==== DATASET RECORDS

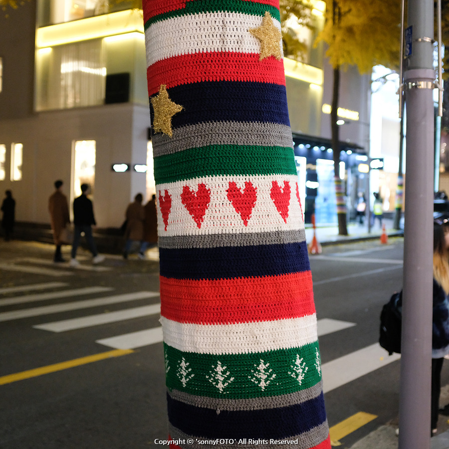 병충해를 방지하기 위한 방법 중에 하나지만, 서울시는 외국인이 많이 오는 압구정 가로수길이라는 특별함과 디자인적인 요소를 위해 크리스마스 느낌 가득한 덮개를 만들어 준 것 같네요.
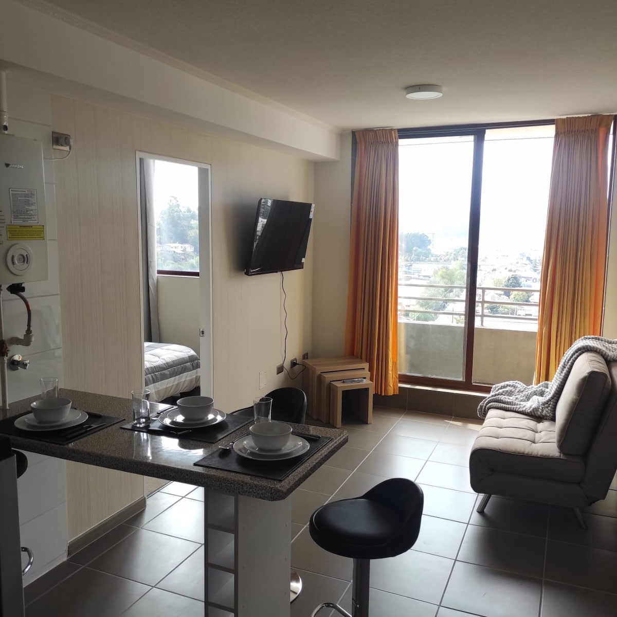 Apartamento novo, central, confortável, limpo, seguro, moderno, mobiliado, dois ambientes, equipado para 3 pessoas, composto por um quarto com cama de casal de 2 lugares e um sofá-cama. Também tem TV a cabo, Wi-Fi, terraço, aquecimento, churrasqueira elétrica, academia, concierge 24 horas, estacionamento, lavanderia (máquinas de lavar e secar) locomoção até a porta, perto de supermercados e universidades, centro de Concepción, localizado em frente ao estádio Collao, a poucos passos do terminal Collao
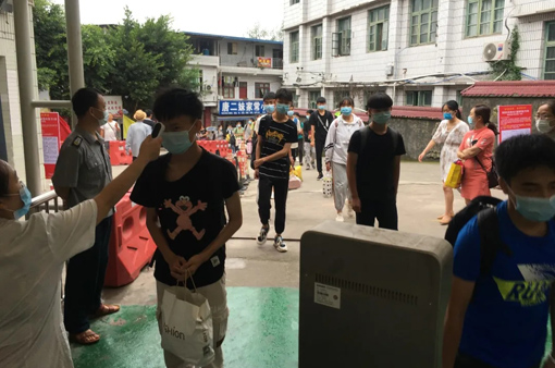7月11日上午8点,四川新闻网在现场看到,第一辆满载考生的送考车驶进学校大门,考生有序从车上下来,到指定地点进行体温监测,所有体温正常考生方可进入考点。
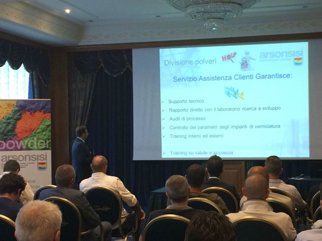 Cristoforo Brendas, Responsabile Commerciale Vernici in Polvere Italia, ha voluto sottolineare come la qualificata assistenza tecnica Arsonsisi svolga un continuativo lavoro di supporto al cliente in tutte le fasi di vendita e crei un filo diretto con il laboratorio.
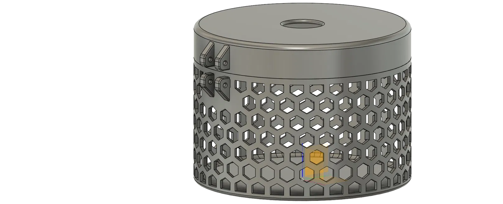 Sản phẩm được thiết kế với hai phần chính gồm thân hộp lưới và nắp đậy, kết nối chặt chẽ với nhau thông qua hệ thống ren xoắn. Điểm đặc biệt của thiết kế này là các chi tiết bản lề được tích hợp sẵn ở bên ngoài, giúp việc đóng mở nắp trở nên thuận tiện và chắc chắn hơn. Bạn có thể sử dụng hộp để đựng dây thừng, cuộn chỉ, hoặc các linh kiện nhỏ gọn tùy theo nhu cầu. Cấu trúc rỗng của lưới tổ ong cho phép bạn dễ dàng quan sát bên trong mà không cần phải mở nắp, giúp tiết kiệm thời gian tìm kiếm vật dụng.
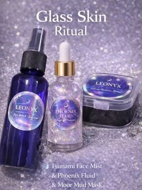 Three-step glow kit for hydrated, luminous skin. Tsunami face mist refreshes and soothes. Phoenix fluid adds pearlescent radiance. Moor mud mask purifies and refines pores. Lightweight, everyday formulas.
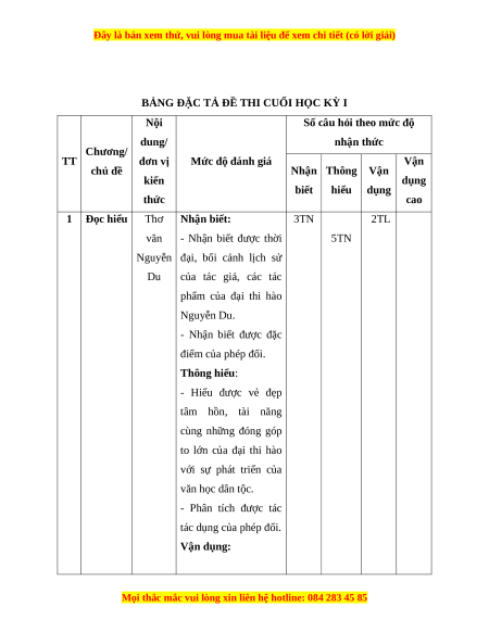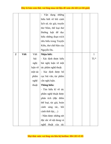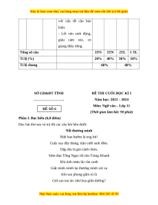 Mức độ nhận thức Tổng Kĩ Nhận Thông Vận Vận TT Nội dung % năng biết hiểu dụng dụng cao điểm TN TL TN TL TN TL TN TL Đọc Thơ văn 1 3 0 5 0 0 2 0 0 60 hiểu Nguyễn Du Viết bài nghị luận 2 Viết về một tác 0 1* 0 1* 0 1* 0 1* 40 phẩm nghệ thuật Tổng 15 5 25 15 0 30 0 10 Tỉ lệ % 20% 40% 30% 10% 100% Tỉ lệ chung 60% 40%
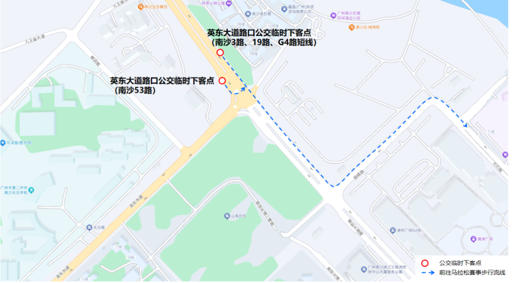 为节省您的时间和避免不必要的绕路,请参赛选手从【南沙客运港站】E、F、G出口前往存包区、安检区和集结区。
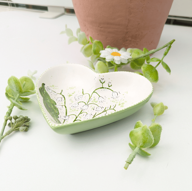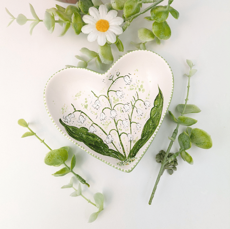 A beautiful hand-painted heart shaped ceramic lily of the valley ring/ jewellery dish. Lovingly painted in acrylics and sealed with a gloss varnish.
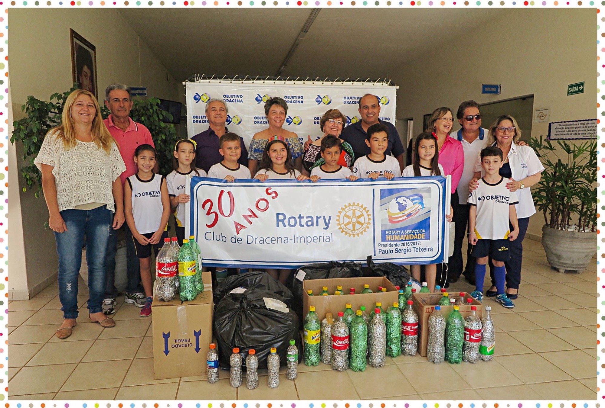 O Rotary Club de Dracena Imperial, mais uma vez sensibilizado e muitíssimo agradecido, comparece ao Colégio Objetivo de Dracena, para receber das mãos da Diretora Sra. Luzilena Carvalho Botazzo, das dedicadas professoras e queridos e generosos alunos, os lacres das latas de refrigerantes...A venda desses lacres, nos permitem adquirir as "Cadeiras de Rodas" com as quais, o Rotary Club de Dracena Imperial, oportunamente atende aos pedidos da comunidade. ..Muito obrigado à todos os envolvidos na causa.
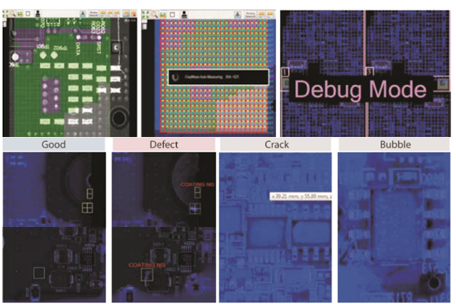 設(shè)備具備全方位的不良類型檢測能力,可準(zhǔn)確檢測出涂覆工藝中常見的多種不良問題,具體包括:
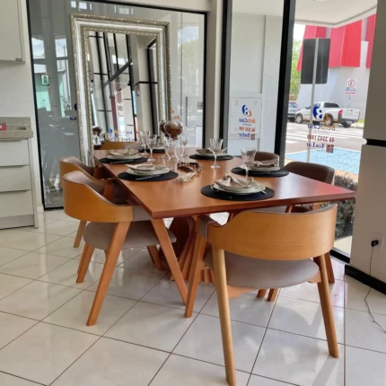 Mesa 2,00m Yara com Vidro (2027) com 06 Cadeiras Dior Nobre (3245)

========

**TASK TO COMPLETE:** Copy word for word each line of the data above, from the first through the one containing "7月11日上午8点,四川新闻", and include no pictures.

**ANSWER SPACE:**
 병충해를 방지하기 위한 방법 중에 하나지만, 서울시는 외국인이 많이 오는 압구정 가로수길이라는 특별함과 디자인적인 요소를 위해 크리스마스 느낌 가득한 덮개를 만들어 준 것 같네요.
 Apartamento novo, central, confortável, limpo, seguro, moderno, mobiliado, dois ambientes, equipado para 3 pessoas, composto por um quarto com cama de casal de 2 lugares e um sofá-cama. Também tem TV a cabo, Wi-Fi, terraço, aquecimento, churrasqueira elétrica, academia, concierge 24 horas, estacionamento, lavanderia (máquinas de lavar e secar) locomoção até a porta, perto de supermercados e universidades, centro de Concepción, localizado em frente ao estádio Collao, a poucos passos do terminal Collao
7月11日上午8点,四川新闻网在现场看到,第一辆满载考生的送考车驶进学校大门,考生有序从车上下来,到指定地点进行体温监测,所有体温正常考生方可进入考点。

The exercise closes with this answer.